The Disaster Management Act, 2005 was enacted for setting up the National Disaster Management Authority and State Disaster Management Authority respectively and to have a unified command over disaster management. The powers of the National Executive Committee and the State Executive Committee have been listed in the Act. A reading of the provisions of the Act would show that powers have not been vested with either the State or the Central Government to direct private employers to pay wages during a disaster despite the employees not working.
The Epidemic Diseases Act was enacted in 1897 to stop the spread of bubonic plague in then Bombay. The objective of the Act is to prevent the spread of epidemic diseases. Under the Act both the Central and the State governments have the powers to take measures in order to control the epidemic. Section 2 of the Act, confers States with the following special powers:
"to take measures and, by public notice, prescribe such temporary regulations to be observed by the public or by any person or class of persons as it shall deem necessary to prevent the outbreak of such disease or the spread thereof, and may determine in what manner and by whom any expenses incurred (including compensation if any) shall be defrayed."
The substantial part of the Act is Section 2 and it only enables the government to prescribe measures to prevent the outbreak of such disease or the spread thereof. The same certainly does not clothe the government with a power to direct a private employer to pay wages.

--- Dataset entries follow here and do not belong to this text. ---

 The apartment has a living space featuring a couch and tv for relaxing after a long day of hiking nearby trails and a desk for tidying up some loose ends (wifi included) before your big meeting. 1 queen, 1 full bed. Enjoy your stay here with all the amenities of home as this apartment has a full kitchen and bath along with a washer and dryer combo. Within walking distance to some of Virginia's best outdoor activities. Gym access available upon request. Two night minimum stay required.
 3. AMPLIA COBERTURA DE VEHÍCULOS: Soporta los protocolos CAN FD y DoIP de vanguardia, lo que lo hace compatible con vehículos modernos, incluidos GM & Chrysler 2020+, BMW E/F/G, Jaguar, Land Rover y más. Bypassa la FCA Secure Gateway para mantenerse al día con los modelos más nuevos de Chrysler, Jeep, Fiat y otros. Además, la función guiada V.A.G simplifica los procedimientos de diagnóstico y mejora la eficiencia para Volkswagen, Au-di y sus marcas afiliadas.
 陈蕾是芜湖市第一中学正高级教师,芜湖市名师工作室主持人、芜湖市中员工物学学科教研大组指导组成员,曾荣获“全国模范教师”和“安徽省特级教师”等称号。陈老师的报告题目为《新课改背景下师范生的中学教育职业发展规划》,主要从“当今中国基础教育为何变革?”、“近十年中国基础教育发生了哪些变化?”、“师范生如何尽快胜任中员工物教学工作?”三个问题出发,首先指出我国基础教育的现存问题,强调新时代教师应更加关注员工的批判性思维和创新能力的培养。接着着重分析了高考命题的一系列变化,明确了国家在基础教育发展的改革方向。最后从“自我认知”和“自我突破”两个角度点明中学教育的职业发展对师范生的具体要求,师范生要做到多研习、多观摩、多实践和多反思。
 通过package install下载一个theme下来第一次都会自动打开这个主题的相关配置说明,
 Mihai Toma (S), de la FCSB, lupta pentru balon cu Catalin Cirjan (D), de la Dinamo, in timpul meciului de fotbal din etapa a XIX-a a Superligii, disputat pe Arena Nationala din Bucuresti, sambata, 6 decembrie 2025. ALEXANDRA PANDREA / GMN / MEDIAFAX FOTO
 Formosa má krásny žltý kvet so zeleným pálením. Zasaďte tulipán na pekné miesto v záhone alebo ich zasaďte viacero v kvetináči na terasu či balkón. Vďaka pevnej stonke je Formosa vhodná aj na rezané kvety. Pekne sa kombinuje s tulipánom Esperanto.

Central Government and State Governments would need to come up with a scheme to subsidize employers towards the wages paid during the lockdown considering subsiding the wage cost for the lockdown period, if not in entirety, at least in part. The scheme can be linked to profits earned by the industrial establishment and the wage bill for a month. In the absence of such a scheme, if for any reason the government decides to extend the lockdown private employers especially small and medium industries will be put through hardships that could even bankrupt them.

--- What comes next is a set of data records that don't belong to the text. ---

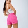 FUCSIA I SHORT MOM RIGIDO CON DOBLE RUEDO TIRO ALTO TALLES 34 AL 46 H-REINA
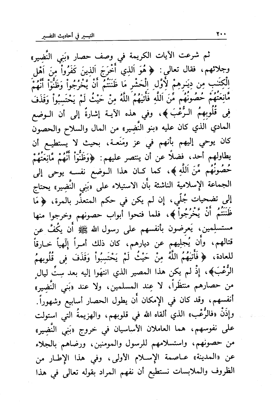 ثم شرعت الآيات الكريمة في وصف حصار " بني النضير " وجلائهم، فقال تعالى: {هُوَ الَّذِي أَخْرَجَ الَّذِينَ كَفَرُوا مِنْ أَهْلِ الْكِتَابِ مِنْ دِيَارِهِمْ لِأَوَّلِ الْحَشْرِ مَا ظَنَنْتُمْ أَنْ يَخْرُجُوا وَظَنُّوا أَنَّهُمْ مَانِعَتُهُمْ حُصُونُهُمْ مِنَ اللَّهِ فَأَتَاهُمُ اللَّهُ مِنْ حَيْثُ لَمْ يَحْتَسِبُوا وَقَذَفَ فِي قُلُوبِهِمُ الرُّعْبَ}، وفي هذه الآية إشارة إلى أن الوضع المادي الذي كان عليه " بنو النضير " من المال والسلاح والحصون كان يوحي إليهم بأنهم في عز ومنعة، بحيث لا يستطيع أن يطاولهم أحد، فضلا عن أن ينتصر عليهم: {وَظَنُّوا أَنَّهُمْ مَانِعَتُهُمْ حُصُونُهُمْ مِنَ اللَّهِ}، كما كان هذا الوضع نفسه يوحي إلى الجماعة الإسلامية الناشئة بأن الاستيلاء على " بني النضير " يحتاج إلى تضحيات جُلى، إن لم يكن في حكم المتعذر بالمرة، {مَا ظَنَنْتُمْ أَنْ يَخْرُجُوا}، فلما فتحوا أبواب حصونهم وخرجوا منها مستسلمين، يعرضون بأنفسهم على رسول الله صلى الله عليه وسلم أن يكف عن قتالهم، وأن يجليهم عن ديارهم، كان ذلك أمرا إلهيا خارقا للعادة، {فَأَتَاهُمُ اللَّهُ مِنْ حَيْثُ لَمْ يَحْتَسِبُوا وَقَذَفَ فِي قُلُوبِهِمُ الرُّعْبَ}، إذ لم يكن هذا المصير الذي انتهوا إليه بعد ست ليال من حصارهم منتظرا، لا عند المسلمين، ولا عند " بني النضير " أنفسهم، وقد كان في الإمكان أن يطول الحصار أسابيع وشهورا. وإذن " فالرعب " الذي ألقاه الله في قلوبهم، والهزيمة التي استولت على نفوسهم، هما العاملان الأساسيان في خروج " بني النضير " من حصونهم، واستسلامهم للرسول والمؤمنين، ورضاهم بالجلاء عن " المدينة " عاصمة الإسلام الأولى، وفي هذا الإطار من الظروف والملابسات نستطيع أن نفهم المراد بقوله تعالى في هذا
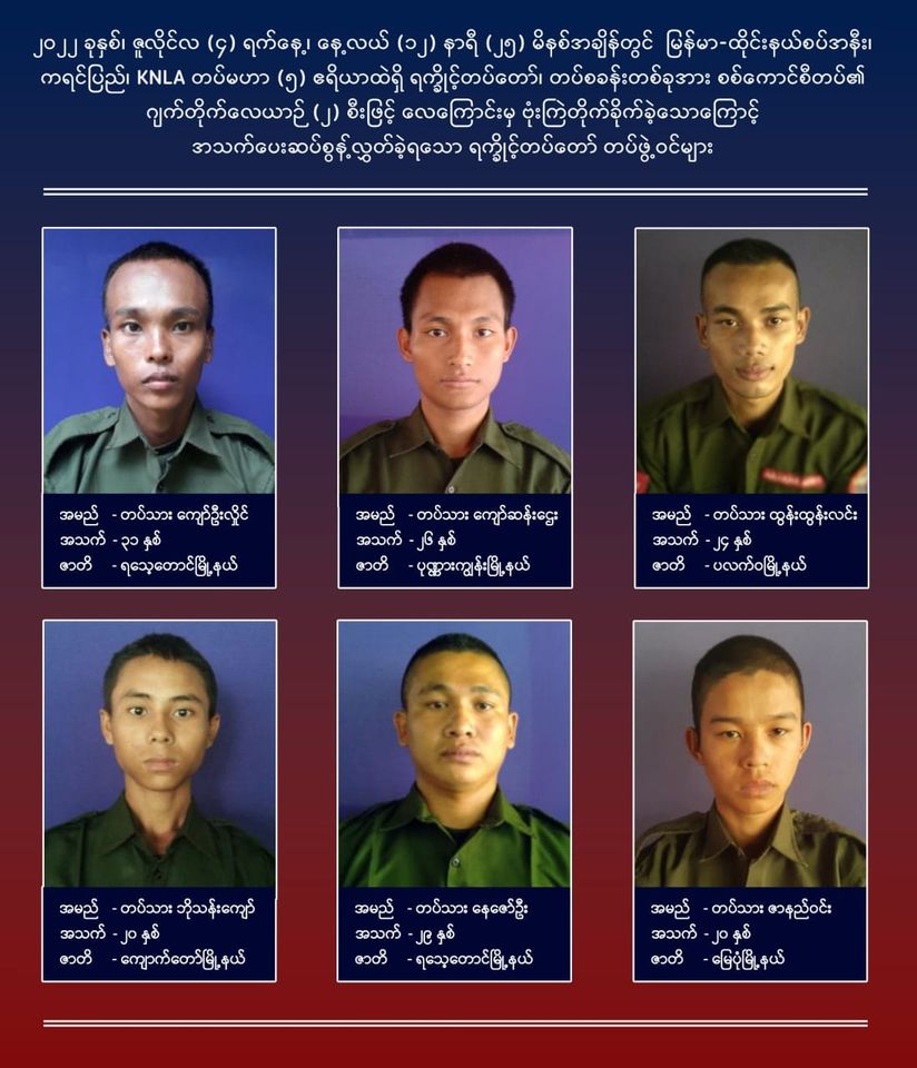 ထိုင်း-မြန်မာနယ်စပ် KNLA တပ်မဟာ ၅ ဧရိယာထဲမှာရှိတဲ့ ရက္ခိုင့်တပ်တော်(AA)ရဲ့တပ်စခန်းကို စစ်ကောင်စီတပ်တွေ မနေ့က လေကြောင်းနဲ့တိုက်ခိုက်ခဲ့မှုကြောင့် တပ်ဖွဲ့ဝင် ၆ ဦးကျဆုံးခဲ့တယ်လို့သတင်းထုတ်ပြန်ပါတယ်။
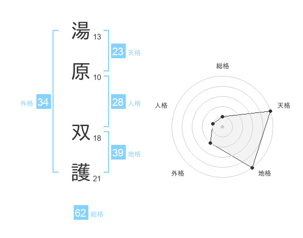 湯原 双護さんの総格は62画の1点!
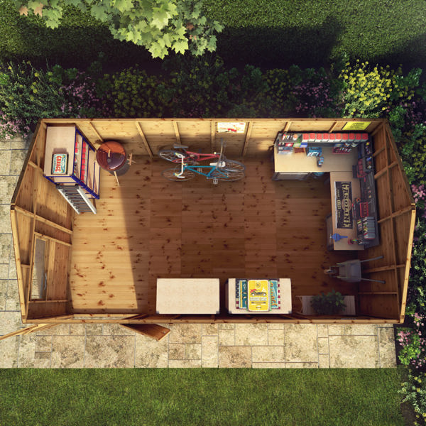 Two shatterproof Styrene glazed windows provide this workshop with a bright interior. The vast size of the internal space is ideal for installing workbenches and additional tool storage. A large set of double doors make accessing your workshop super easy and make this the ideal garden building for your workshop needs.
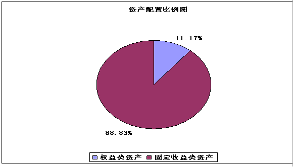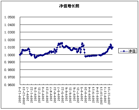 10月份的经济数据显示,工业生产继续加快,固定资产投资继续维持30%以上的高位,社会消费品零售总额增速明显提升,经济同比数据继续呈现出向好的态势。但总体来说并没有超出市场预期。 9月份CPI降幅比上月收窄0.4%,连续第二个月收窄;PPI降幅比上月收窄0.9%,降幅比CPI收窄幅度大0.5%。人民银行 10月 14日 公布的9月份金融运行数据显示,9月份金融机构人民币新增贷款5167亿元,超过此前市场普遍预期的4000亿元的规模。从贷款结构上看,国有大型银行的贷款明显收紧,而中小型股份制银行成为贷款发放的主力。根据“大银行服务大客户,小银行服务小客户”的特点,当前新增贷款规模的加大很有可能预示着民间投资已经启动,经济复苏将从政府拉动向民间自发的良性循环转变。 10月份出口额为1107.6亿美元,同比下降13.8%,较9月份收窄1.4个百分点,降幅继续缩小,为今年最低降幅,显示出在全球经济回暖的大背景下,我国出口形势开始有所转好。 11 月25日 ,迪拜最大的国有企业迪拜世界和其子公司Nakheel宣布推迟偿还债务,引发全球债务违约忧虑,不过此事件对全球的影响可能会有惊无险。我们认为,一方面“迪拜事件”对全球复苏带来“雷曼冲击”的可能性较小;另一方面“迪拜事件”显示银行系统的经营压力将持续存在,这对于决策层而言是考虑政策退出时机的重要因素。 n 债券市场 11月债券市场回暖,主要因为:一是资金面宽裕;二是央票利率迟迟不变化,稳定市场的预期;三是10月份宏观数据特别是信贷和投资数据低于市场预期,修正对经济的乐观预期。从收益率变化情况看,中长期国债表现较好,金融债表现较差,主要是因为供给压力比较大。 n 股票市场 11月A股主要市场呈现强弱分化格局,中小企业板月度涨幅达到8.94%,深圳A股月度涨幅为7.66%,强于整体A股3.86%的涨幅,上证50、上证180、沪深300和上证A股指数月度涨幅居后,其中上证50还出现了下跌,月度表现弱于整体A股,显示市场在11月份的反弹过程中,中小市值的深圳A股整体表现要强于蓝筹股板块。 与10月相比,11月整体行业PE结构变化较大,PE在20倍以下的行业有2个。而30倍以上的高估值行业由10月份的18个减少到11月份的16个,另外PE在20倍-30倍之间行业数增加到5个。有色金属PE最高,为88.36倍,信息服务PE最低为18.23倍。 操作回顾 债券投资方面,本月主要操作是维持组合久期和产品到期日相匹配,积极进行新股、新转债的申购。 股票投资方面,本月重点布局的行业主要有二三线地产、家电、食品饮料等板块,积累了一定的保本垫。 同时,我们也积极参与新股申购,获得无风险收益。 截至2009年11月底,本理财产品信托账户资产净值合计为51856万元,资产单位净值为1.0097元,收益率为0.94%。 在大类资产配置中,权益类资产市值为44,375,876.90元,占净值比重为11.1658%;固定收益类资产市值为353,051,267.00元,占净值比重88.8342%。

It is amply clear now that the epidemic was never going to be contained. At most, its spread has been perhaps slowed by the lock down imposed in China, India and local as well as global government efforts to identify infected people and anyone they might have been in contact with. With the outbreak showing no signs of abating, the corona virus disruption is set to continue. In any case, pursuing a pro-active approach in connection with the handling of the economic consequences of the coronavirus epidemic will be the better choice.